Pacific Islands Treaties
I came across the Pacific Islands Treaty Series (with the wonderful acronynm PITS) this morning and I thought it would be of interest to SLAWers. The collection covers the 21 countries and territories in the Pacific. There are 14 countries, namely, Cook Islands, Fiji, Kiribati, Republic of Marshall Islands, Nauru, Niue, Northern Mariana’s, Papua New Guinea, Palau, Samoa, Solomon Islands, Tonga, Tuvalu, and Vanuatu and 7 territories which are New Caledonia, French Polynesia, Wallis and Futuna (territories of France), American Samoa, Federated States of Micronesia, Guam (territories of the United States of America) and Tokelau (territory of New Zealand).

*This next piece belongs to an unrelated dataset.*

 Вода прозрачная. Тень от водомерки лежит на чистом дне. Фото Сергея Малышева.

For the purposes of the PITS database, treaties are narrowed down to only include the bilateral and multilateral treaties pertaining to the above-named jurisdictions. A treaty is included in the Pacific Islands Treaty Series because of two possible reasons:
1. One or more Pacific Island state or territory has consented to be a party to that treaty. These are the Global treaties; OR
2. Pacific Islands Regional Treaties being bilateral or multilateral treaties that are contracted to or on behalf of the Pacific Island state(s).
The Global treaties are treaties that are focussed on issues at the international plane. An example the human rights treaties such as – International Human Rights Convention on the Rights of the Child.

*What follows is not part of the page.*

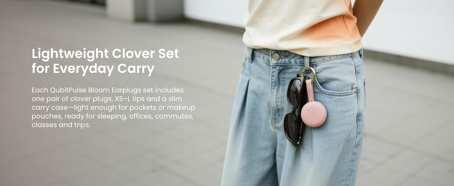 On-the-Go Earplugs: 23dB noise-reducing earplugs – QubitPulse Bloom crafts YOUR OWN QUIET SANCTUARY. Lightweight, sleek & skin-friendly for stylish all-day wear. They shield from daytime chaos for calm focus at work or study. Slow-rebound foam delivers unwavering comfort & a snug non-slip fit, keeping your peace of mind intact. Ideal for travel, study & building your personal quiet haven anytime, anywhere.

The Pacific Regional Treaties are mainly bilateral and multilateral treaties whose subject matter is either a Pacific Island country or the subject matter is an issue that directly affects a Pacific country. For example, a treaty which directly affects a Pacific country is “ Australia , New Zealand and United Kingdom ’s Agreement over the Trust Fund for Tuvalu ” and the latter would be “Nuclear Free Pacific Zone Treaty.”

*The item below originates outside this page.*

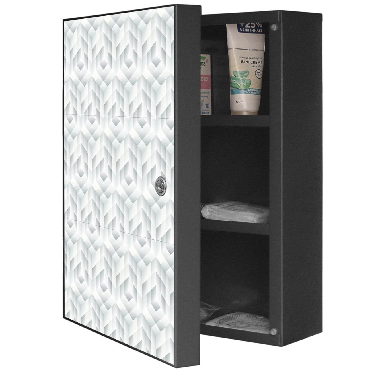 Medizinschrank Stahl Motiv Würfel Grau

Interested readers can find PITS here:
http://www.paclii.org/pits/
Et c’est aussi la francophonie. Voir http://portail.droit.francophoneie.org sur
acces geographique asie-pacific.
This does indeed look very interesting and useful for pacific law researchers and students. At Monash we have a pacific law research collection in print that is supplemented by some online products – so another PACLII initiative that will have broad interest.